### [What you have to do]
Print the lines below from the line with "Клюнът се залепва" to the line with "Beau Blue Pocketed" exactly, keeping both ends, and print no pictures.

### [Dataset content]

Content starts

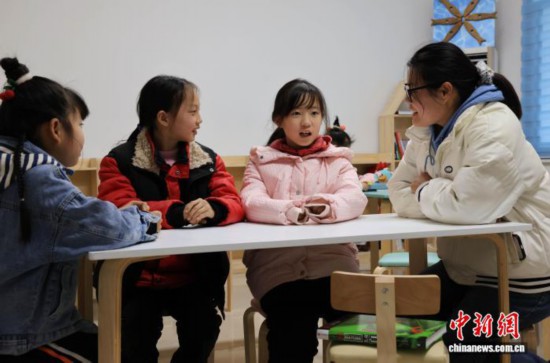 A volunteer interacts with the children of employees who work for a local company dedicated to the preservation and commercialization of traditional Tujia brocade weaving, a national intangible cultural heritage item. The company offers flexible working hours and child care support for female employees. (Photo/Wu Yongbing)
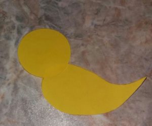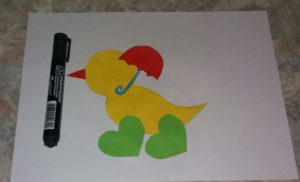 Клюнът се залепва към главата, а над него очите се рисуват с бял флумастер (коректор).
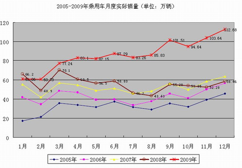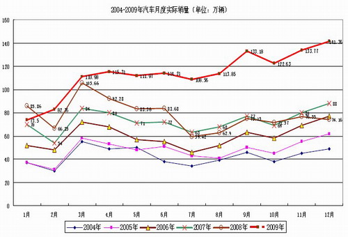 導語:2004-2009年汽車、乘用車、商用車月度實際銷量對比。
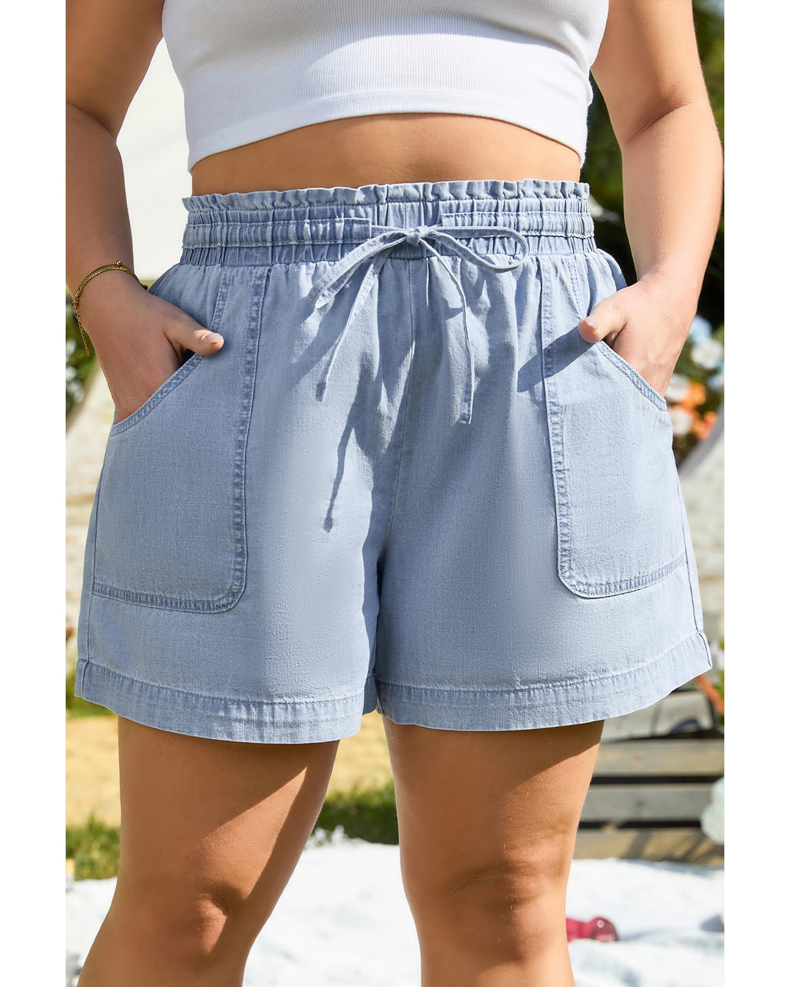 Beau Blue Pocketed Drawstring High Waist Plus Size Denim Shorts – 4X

Content ends
Content starts

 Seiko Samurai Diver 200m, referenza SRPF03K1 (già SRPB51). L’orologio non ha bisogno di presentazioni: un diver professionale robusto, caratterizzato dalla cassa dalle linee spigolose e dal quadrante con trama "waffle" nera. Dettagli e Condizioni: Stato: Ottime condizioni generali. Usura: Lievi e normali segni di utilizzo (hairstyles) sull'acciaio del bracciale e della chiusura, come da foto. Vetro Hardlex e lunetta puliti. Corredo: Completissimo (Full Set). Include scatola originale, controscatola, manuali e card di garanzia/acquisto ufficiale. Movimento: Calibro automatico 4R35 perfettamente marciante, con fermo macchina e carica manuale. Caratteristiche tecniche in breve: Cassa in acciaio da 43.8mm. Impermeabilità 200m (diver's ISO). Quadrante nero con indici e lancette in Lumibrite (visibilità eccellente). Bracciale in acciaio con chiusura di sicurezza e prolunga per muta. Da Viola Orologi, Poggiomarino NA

Content ends

### [Problem solution]
 Клюнът се залепва към главата, а над него очите се рисуват с бял флумастер (коректор).
 導語:2004-2009年汽車、乘用車、商用車月度實際銷量對比。
 Beau Blue Pocketed Drawstring High Waist Plus Size Denim Shorts – 4X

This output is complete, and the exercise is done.